Uma Noite de Emoções e Música
Cida Moreira deu início ao show “Me acalmo danando – A música de Angela Ro Ro” com a canção “Demais”, obra de Antonio Carlos Jobim e Aloysio de Oliveira, uma escolha significativa que ressoa com a intensa expressão amorosa da artista, que é um dos símbolos do samba-canção. Este tema já estivera presente nos shows de Ro Ro desde 1982, e trouxe à tona a essência de amores arrebatadores e excessos da vida. Logo em seguida, Cida apresentou “Devoção”, uma pérola do segundo álbum de Ro Ro, “Só nos resta viver” (1980), onde a força poética da letra magnetizou o público presente no clube Manouche, no Rio de Janeiro.

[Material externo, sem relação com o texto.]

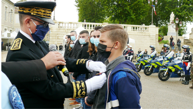
14 juillet : presque pas de public mais la solennité de la cérémonie était là

Décidément ce 14 juillet ne pouvait avoir l'éclat qu'on lui a connu auparavant. Une pluie froide et persistante, les deux rafales qui ne survoleront pas la ville, et l'attrait du Vaccin'Drive avec son millier de personnes, sont probablement les raisons de retrouver une place de la Libération quasiment vide de publics.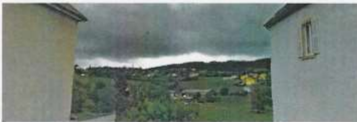
Photographie situant le terrain dans le paysage lointain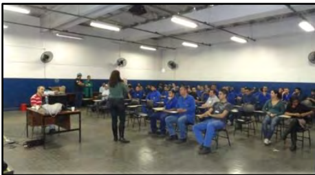
Palestra - Sustentabilidade e Mobilidade Urbana

Palestra, realizada em empresas que propõe uma reflexão sobre o impacto ocasionado pelo trânsito e transportes na construção da cidade de São Paulo, e quanto estes modelos refletem na sustentabilidade atual e futura de nosso ambiente urbano.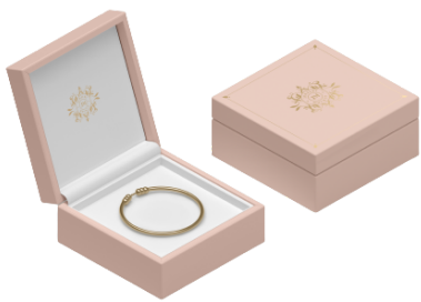
BRACCIALE IN ARGENTO ROSATO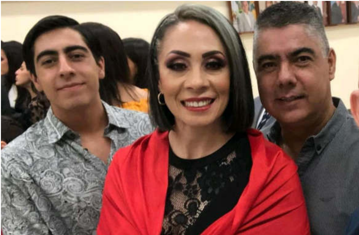
15 DE SEMPTIEMBRE 2019. ASISTENCIA AL GRITO DE INDEPENDENCIA.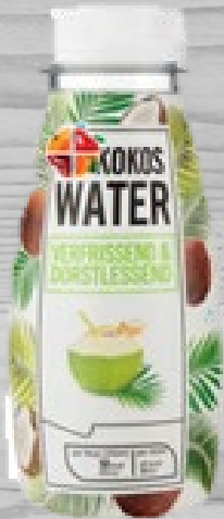
Coconut water € 0,67 (excl. VAT)

A letra da canção ecoou a busca por liberdade e entrega nas relações, um reflexo da conexão emocional que permeou todo o show. “Sempre é hora de brotar canções / Confessar paixões exiladas / … / Todo dia nova fantasia / O real que cria sonho e ilusão / Devoção de um poeta e louco / Que não abre concessão”, cantou Cida, revelando a profundidade das experiências que permeiam a obra de Angela Ro Ro. O público, encantado, fez com que a casa anunciasse sessões extras para a continuidade da apresentação, que seguiria em fevereiro, além da estreia em São Paulo marcada para o dia 4.
A Amizade e a Música
A relação íntima entre Angela Ro Ro e Cida Moreira remonta a décadas, desde que se tornaram amigas em 1978. As duas artistas, nascidas no Rio de Janeiro e em São Paulo, respectivamente, dividiram palcos e experiências por anos, moldando suas trajetórias musicais. A musicalidade única de Cida, marcada por uma voz operística e pela influência da Vanguarda Paulista, foi aprimorada ao longo dos anos, tornando-se mais visceral e autêntica. Ela trouxe à tona a canção “Gota de sangue” (1979), cujo contraste com a versão inicial evidencia a evolução de sua interpretação ao vivo, que a elevou à notoriedade.
Cida Moreira sempre honrou a obra de Angela Ro Ro, mas neste show, sua interpretação adquiriu uma nova camada de significado, especialmente com a amiga já em outra dimensão. A paixão e o respeito pela obra de Ro Ro foram palpáveis, como se Cida se permitisse imergir mais profundamente nas emoções que a música inspirou.
Desafios e Superação no Palco
A estreia do show foi marcada por um misto de emoções, desde o nervosismo inicial de Cida até um momento tenso com uma espectadora que a artista identificou como uma presença desconfortável. Apesar do clima pesado, Cida soube lidar com a situação, pedindo desculpas ao público e reconhecendo a tensão que isso causou. Este desabafo trouxe uma nova leveza ao espetáculo, permitindo que a artista e o público se reconectassem.
A interpretação de Cida se destacou pela inclusão de canções menos conhecidas, como “Karma secular” (1986), demonstrando sua capacidade de emprestar seu toque pessoal a cada música. Em “Amor, meu grande amor” (1979), por exemplo, a cadência do piano elevou a intensidade da performance, enquanto “Balada da arrasada” (1979) ganhou uma nova interpretação, quase como um tango.
Cida Moreira: Uma Intérprete Singular
Com cada canção, ficou evidente que Cida Moreira não apenas reinterpreta as músicas de Angela Ro Ro, mas as transforma, trazendo à tona sua própria essência. Ao cantar “A mim e a mais ninguém” (1979), o público pôde sentir a grandeza da conexão entre a intérprete e a poesia de Ro Ro, revelando um talento gigantesco que permeia as canções. Cida também habilmente entrelaçou a récita dos versos de “Solitários interplanetários” (1985) e “Sistema” (1983) no repertório, uma demonstração clara de sua admiração pela artista.
O show ainda apresentou “Escândalo” (1981), uma das composições de Caetano Veloso, em uma performance que encantou a todos. Antes do bis, Cida fechou a apresentação com o refrão de “Perfeição” (1993), de Renato Russo, outro ícone sensível, alinhando-os ao espírito poético de Ro Ro.
Para o bis, Cida Moreira surpreendeu ao interpretar “Summertime” (1935), standard do jazz, que frequentemente uniu as vozes de Ro Ro e Cida. Essa escolha simbolizou a irmandade musical entre as duas, refletindo a devoção à arte e aos sentimentos que não abrem concessão, deixando uma marca indelével no coração da plateia.